Auch hier muß aber offensichtlich wie bei Opel und Arcandor die Wirtschaftkrise herhalten, um individuelle Managementfehler zu kaschieren. Hinzu kamen häufige Managerwechsel im Bereich Flußkreuzfahrt (und damit verbunden Strategieänderungen) nach dem Tod des Firmengründers Peter Deilmann im Jahr 2003. Vor allem waren einige Schiffe der Deilmann- Flotte zu alt, um den hohen Ansprüchen des Publikums an 5- Sterne- Schiffe gerecht zu werden. Die Aufrechterhaltung dieses Standards auf so alten Schiffen ist sehr personalkostenintensiv. Sie hatten außerdem teilweise Abmessungen (103 Meter Länge), die einer optimalen Auslastung entgegenstanden. Mit 110 Meter Länge sind 24 zusätzliche Betten unterzubringen.

„Dagegen setzen wir auf moderne Schiffe, die dem heutigen 4-Sterne-Plus-Standard entsprechen,“ meint Thomas Ritter, Geschäftsführer des Emissionshauses Hamburgische Seehandlung. Die Schiffe sind zudem (für fünfeinhalb bzw. sechs Jahre) an die Tourama Ltd. fest verchartet. Dieses Unternehmen zählt zur Schweizer Globus-Gruppe, die sich zu den weltweit größten Reiseveranstaltern (Jahresumsatz über vier Milliarden Euro) zählt. Zudem besteht eine Verlängerungs­ option, an die ein Optionsrecht bei der Veräußerung gekoppelt ist, die verfallen würde, wenn die Charter nicht verlängert wird.

Der Anleger erzielt gewerbliche Einkünfte, für Flußkreuzfahrtschiffe kann allerdings nicht die Tonnagesteuer genutzt werden, die nur für Seeschiffe gilt. Aber von 2009 bis 2019 – elf Jahre lang –  fällt keine Einkommensteuer an. Insgesamt werden bis 2027 Ausschüttungen von 265,16 Prozent prognostiziert, davon sind 60,61 steuerpflichtig.

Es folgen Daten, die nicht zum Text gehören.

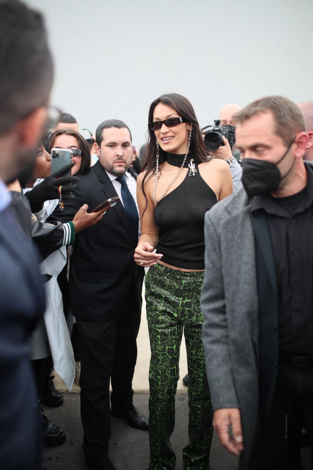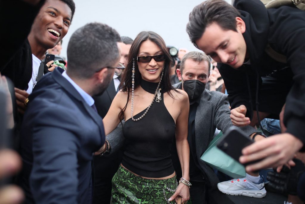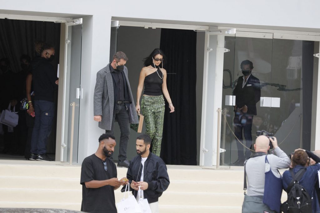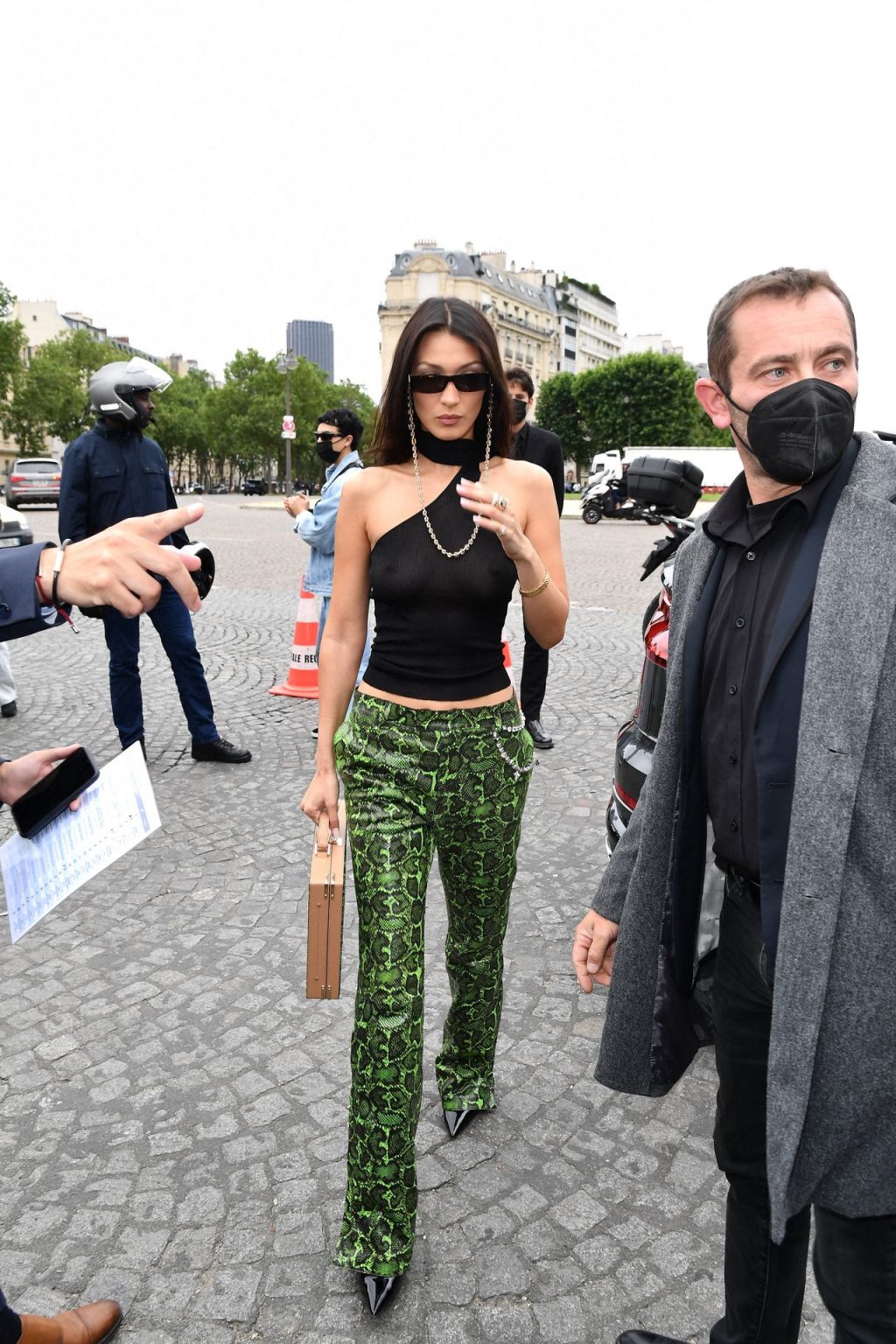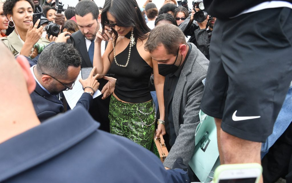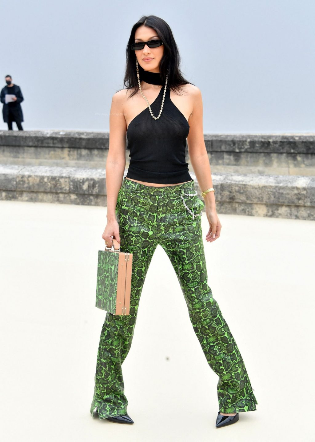 Bella Hadid sin sujetador llega al desfile de moda masculina prêt-à-porter Primavera 2022 Dior x Travis Scott en París, Francia, 25/06/2021.

Marktführer bei Flußkreuzfahrtschiffen, die eine echte Marktnische bilden, ist die Münchner Premicon AG, die seit 1999 insgesamt zwölf  Flusskreuzfahrt-Fonds platziert hat. Im Augenblick bietet der Marktführer keinen Flußkreuzfahrtfonds an, hat aber bei der Stralsunder Volkswerft GmbH den Bau von sechs Flusskreuzfahrtschiffen in Auftrag gegeben, davon drei fest und drei als Option. Darin kommt gewiß auch das Vertrauen in die Flußkreuzfahrt zum Ausdruck. „Die aktuelle Finanzkrise zeigt erneut, dass der Flusskreuzfahrtenmarkt deutlich weniger konjunkturabhängig ist als andere Schifffahrtssegmente“, meint Alexander Nothegger, Vorstand der Premicon AG. Dies liege vor allem an der soziodemographischen Zusammensetzung der Zielgruppe (ältere und betuchte Menschen.) Die Auslieferung der Schiffe ist für den Zeitraum zwischen 2010 und 2012 geplant. Die Schiffe sind Modifikationen des bei Premicon entwickelten „TwinCruiser“-Konzepts, bei dem Fahrgast- und Antriebseinheit getrennet sind. Vorteil: Deutlich geringere Vibrationen und Motorengeräusche für die Passagiere.